Philosophical reading list during corona

These days, many people are having feelings of fear and isolation. Philosopher Alejandra Mancilla recommends two texts that can help calm the mind.

“A Stoic, Emperor Marcus Aurelius condenses in the Meditations the main ideas of this Hellenistic school of philosophy, which aimed at teaching people how to stay calm in the middle of external turmoil and internal anxiety. The goal was to reach ataraxia, a state of serenity. Literally, it teaches how not to be disturbed.”

“Marcus Aurelius himself lived through the Antonine Plague that killed 5 million people in the Roman Empire! He knew very well what death meant. He wrote: ‘Do not act as if thou were going to live ten thousand years. Death hangs over thee.

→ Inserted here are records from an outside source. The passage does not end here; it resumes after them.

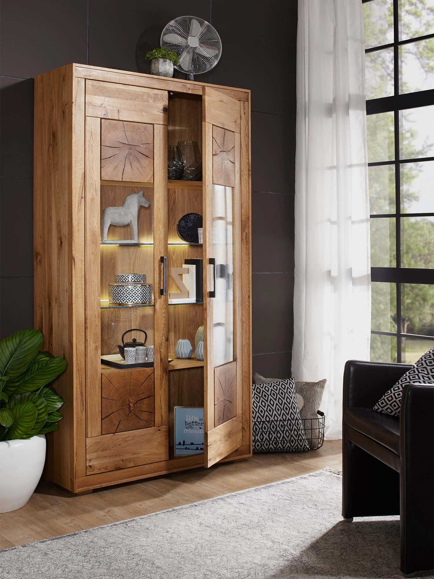Podwójna Witryna LUX nie jest tylko meblem – to prawdziwe dzieło sztuki. Wykonana z litego drewna dębowego, ma niepowtarzalny wygląd, który dodaje wnętrzu ciepła i naturalnej elegancji. Każda sztuka jest unikalna, dzięki naturalnym sęków, które tworzą niepowtarzalny wzór na powierzchni mebla.
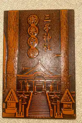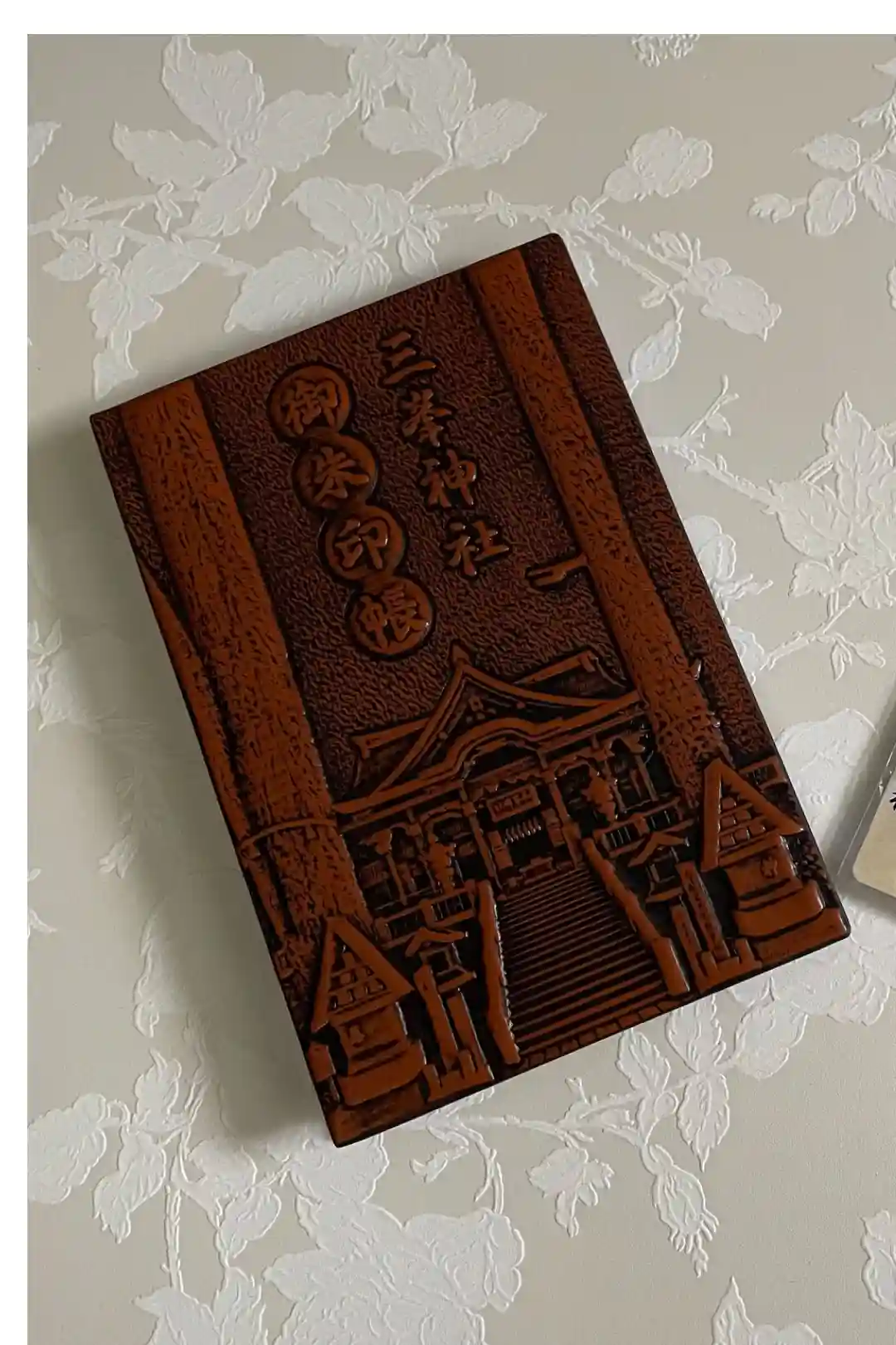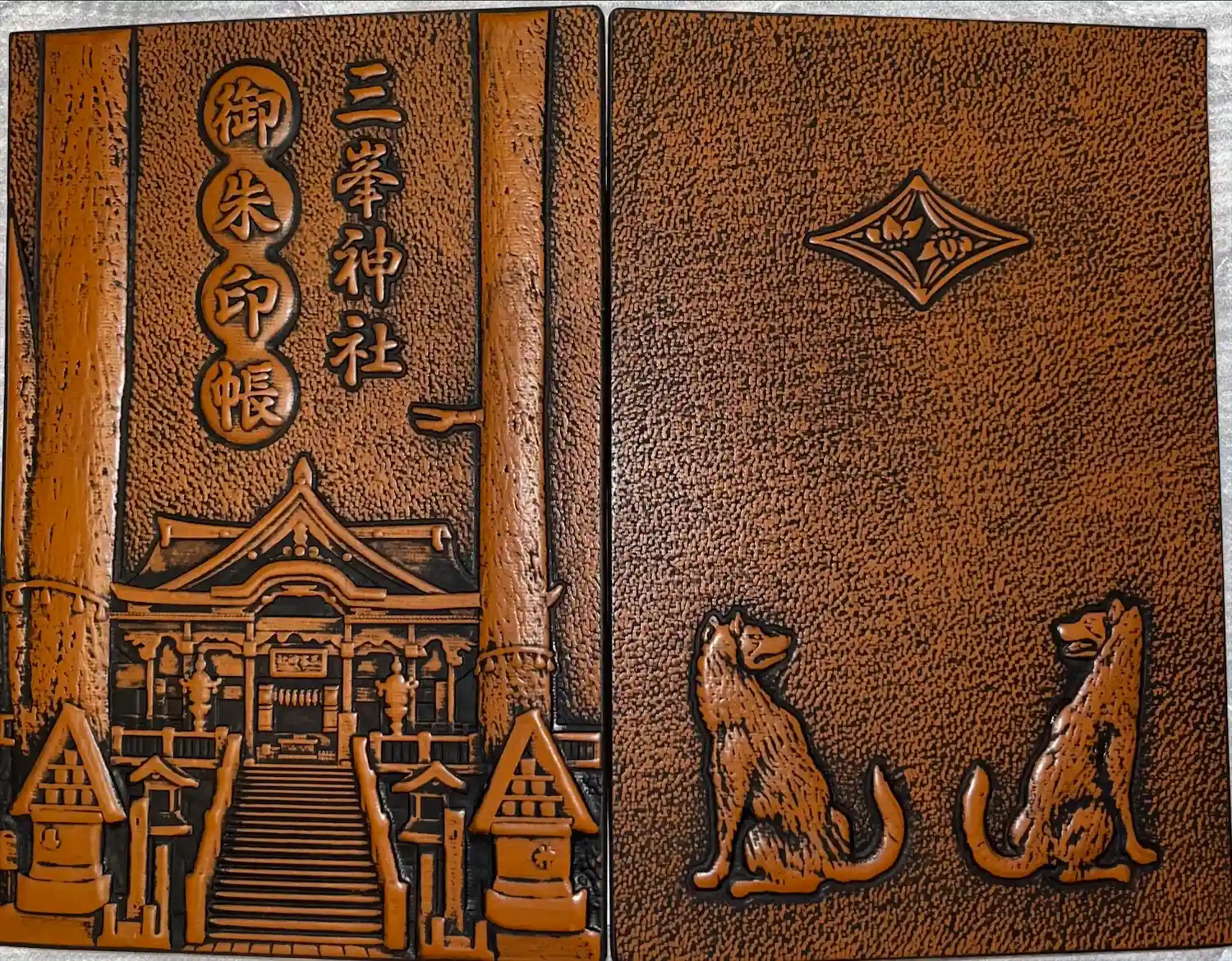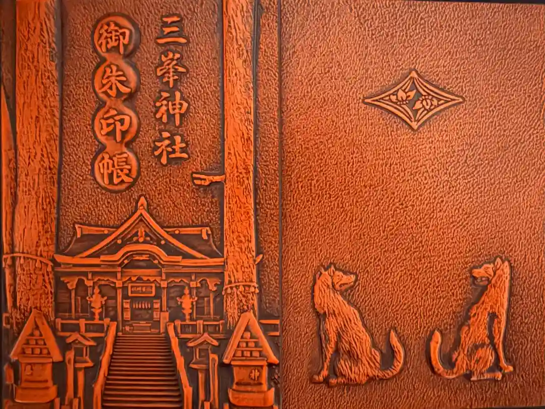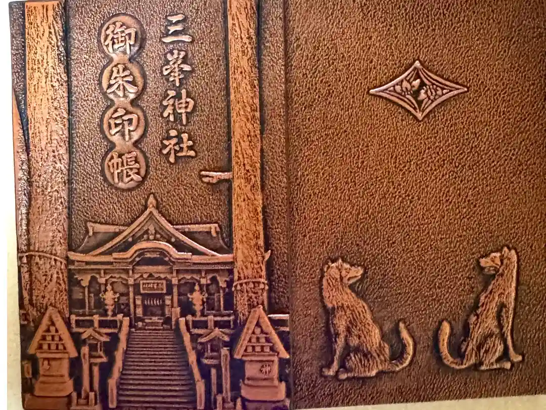 本殿や狼、菖蒲菱がほどこされた、木彫り調の御朱印帳。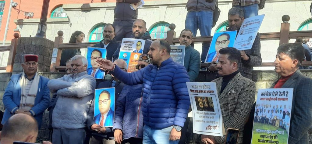 भाजपा जिला शिमला द्वारा डाक्टर बीआर अंबेडकर प्रकरण को लेकर शिमला के सीटीओ चौक पर प्रदर्शन किया।भाजपा नेताओं ने कांग्रेस पार्टी के खिलाफ जमकर मोर्चा खोला।संविधान पर कांग्रेस को घेरा और बीआर अंबेडकर के अपमान का आरोप लगाया।जिला अध्यक्ष प्रेम ठाकुर के नेतृत्व में हुए इस प्रदर्शन में भाजपा के वरिष्ठ नेता सुरेश भारद्वाज,संजय सूद,कर्ण नंदा,गणेश दत्त,संजय ठाकुर और कमलजीत सूद ने भाग लिया।कार्यक्रम में मुख्य वक्ता युवा मोर्चा के प्रदेश उपाध्यक्ष सुशील कड़शोली और अनुसूचित जाति मोर्चा के प्रदेश अध्यक्ष राकेश डोगरा रहे।सुशील कड़शोली ने कहा कि कांग्रेस द्वारा बाबा साहेब को बार-बार अपमानित किया गया है और अब वे वोट की राजनीति के लिए बाबा साहेब के नाम का इस्तेमाल कर रहे हैं।आरोप लगाया कि पंडित जवाहरलाल नेहरू की डॉ अंबेडकर के प्रति बेपनाह नफरत जगजाहिर थी।पंडित नेहरू ने देश के संविधान निर्माता डाक्टर अंबेडकर को दो बार चुनाव हराया और उन्हें संसद में जाने से रोका।उस समय पंडित नेहरू गर्व से विदेशियों को पत्र लिखकर खुशी व्यक्त कर रहे थे कि बाबा साहेब अब कैबिनेट का हिस्सा नहीं हैं।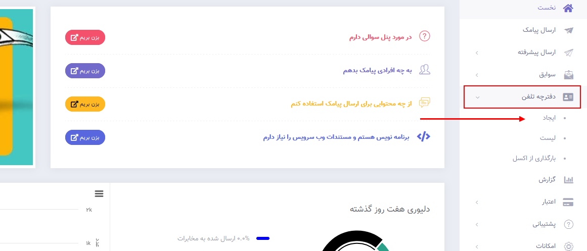 پس از وارد شده به پنل کاربری خود ، گزینۀ دفترچه تلفن و سپس ایجاد را انتخاب کنید.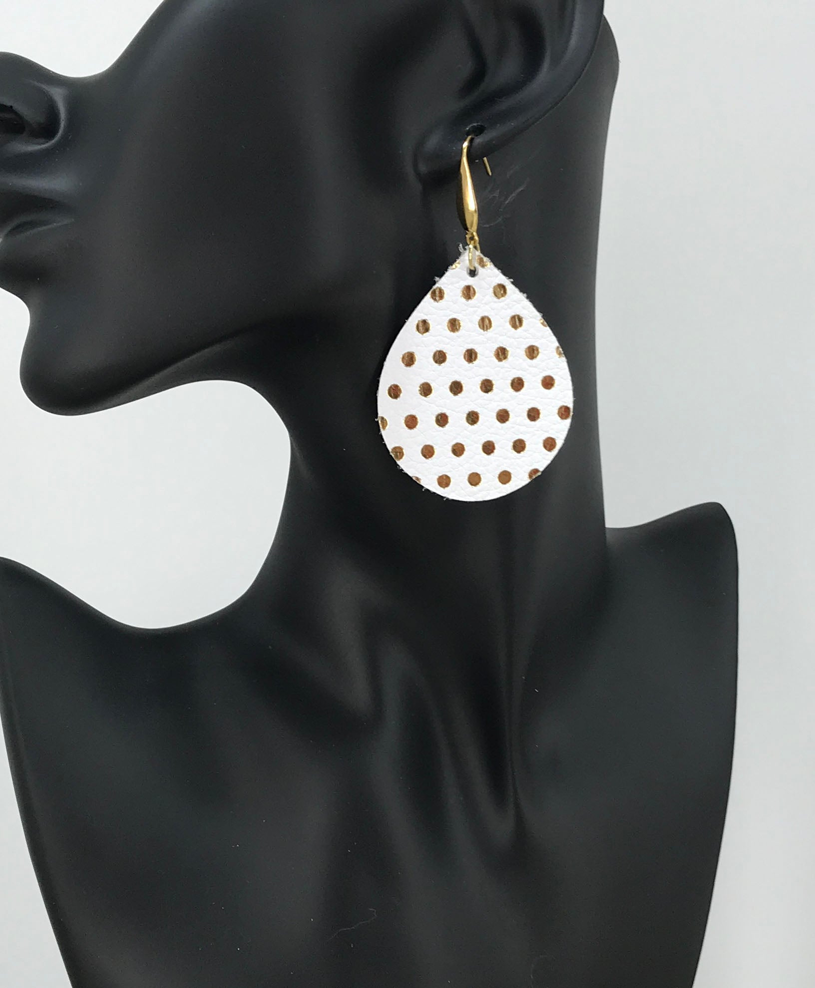 White Metallic with Gold Polka Dot Leather Earrings with Stainless Steel Findings and Ear Wires.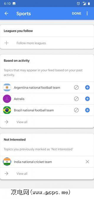 通过Google应用,您可以轻松跟踪运动队和联赛。要告诉应用程序哪些是您的最爱,请转到最后一个标签中的自定义选项,然后点击查看所有设置。在此处,体育部分下,您可以专门添加要为其获取更新和警报的球队和联赛。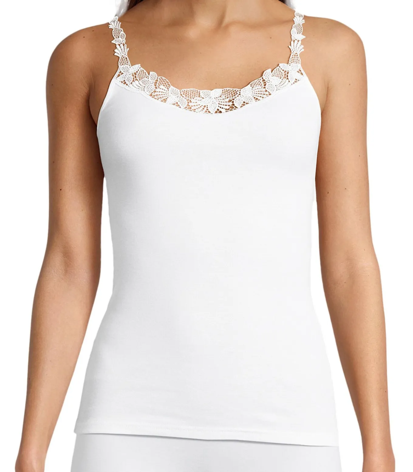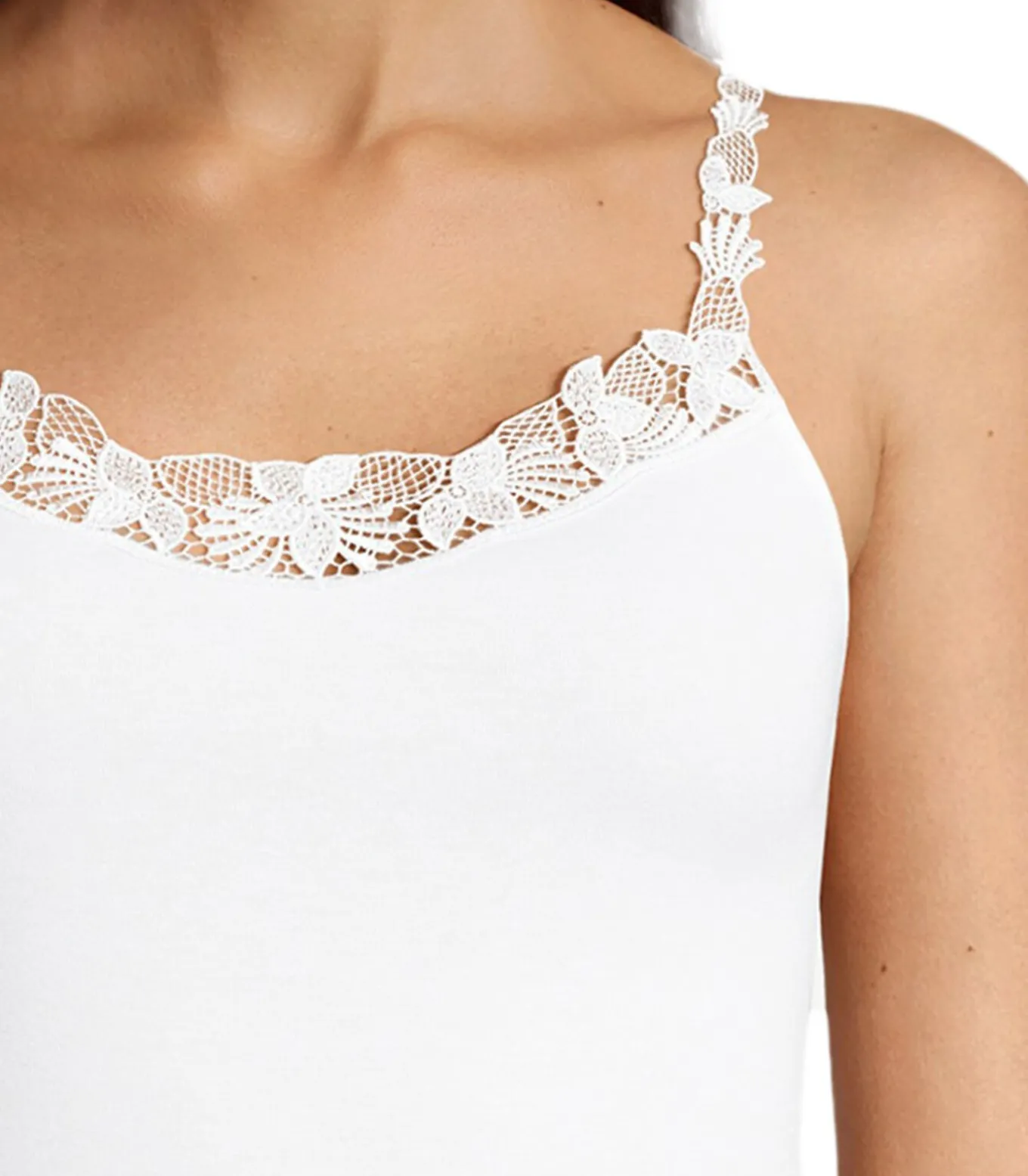 Vrouwelijk, stijlvol en heerlijk comfortabel – het strappy shirt met delicaat kanten randje aan de halslijn en bandjes voegt een elegante touch toe en kan onder kleding gedragen worden. Het is gemaakt van 100% katoen in een behaaglijke fijne ribstof, sluit nauw aan op het figuur en is comfortabel om te dragen zonder irriterende zijnaden.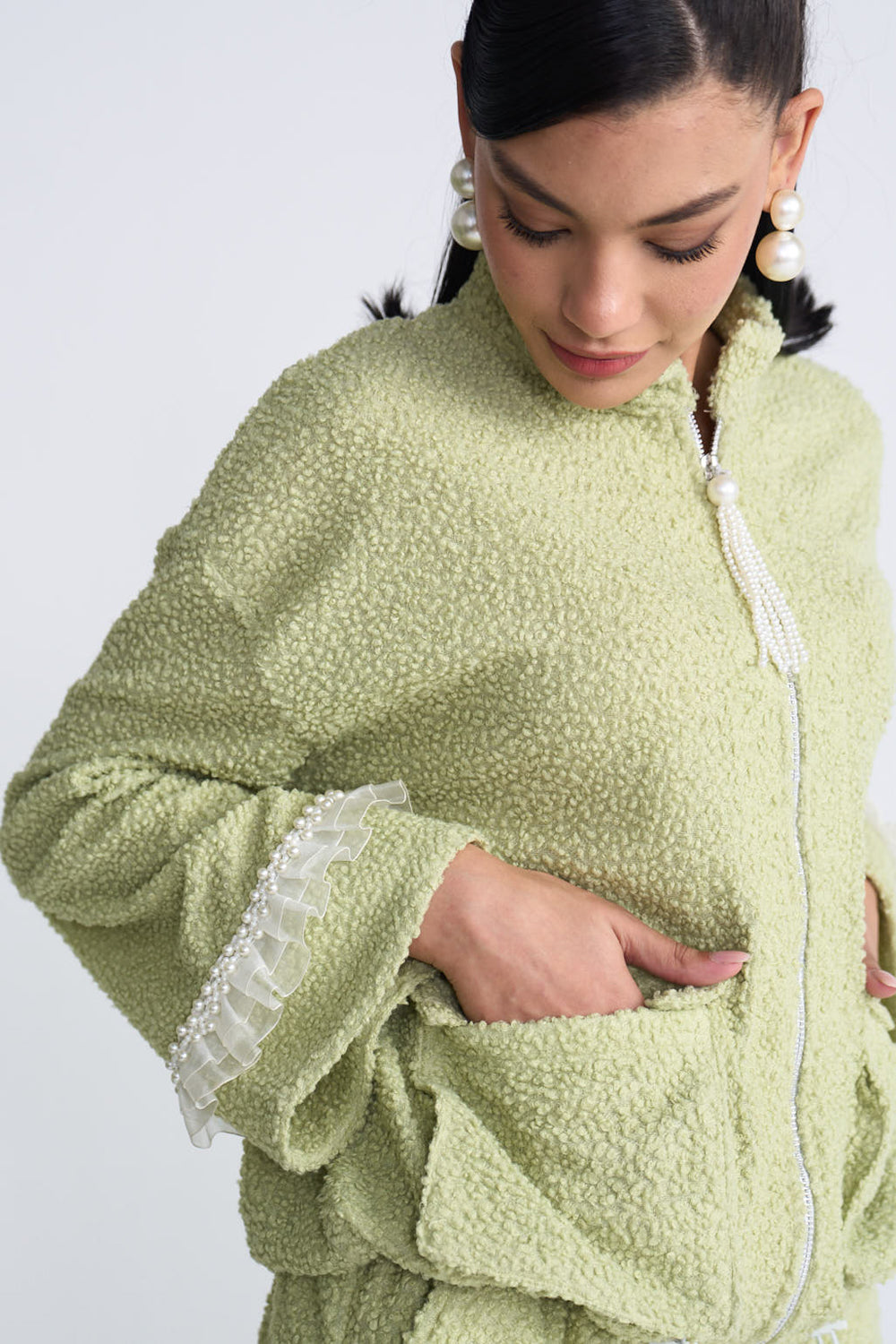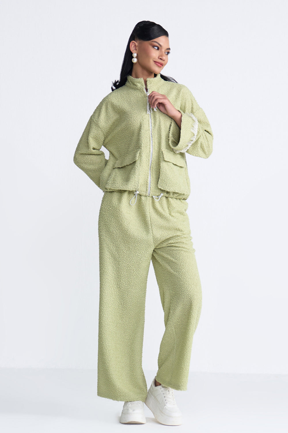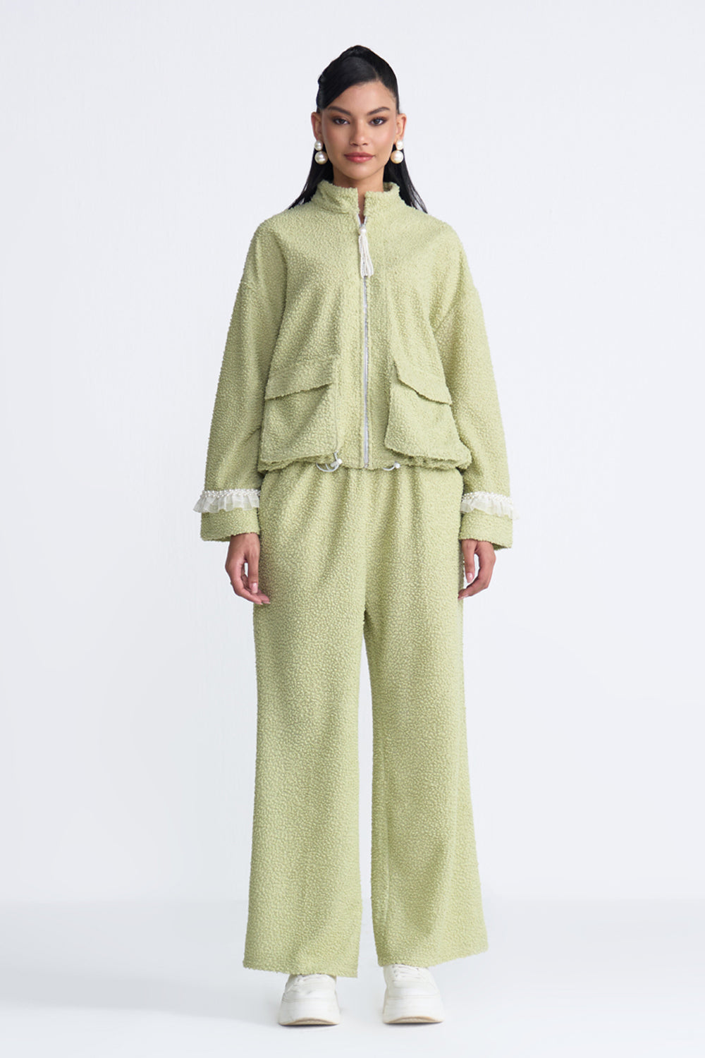 Elevated athleisure in our fern coord that is as stylish as it is comfortable.The delicate lace and pearls detailing makes it the perfect outfit to take you from picnic lunches to airport looks.

While thou livest, while it is in thy power, be good’.”

A similar message is conveyed in Tao Te Ching, written by Chinese philosopher Lao Tzu.

“Although coming from an entirely different tradition, the Tao Te Ching shares with the Meditations the idea that there is no point in trying to control what is around us and that, at best, what we can try to do is to flow with nature, with the tao (the way).”

“Both texts underline how the best of life can be found in the simplest things—a message worth keeping in mind when we slowly start getting back to our ‘normal’, complicated daily lives.”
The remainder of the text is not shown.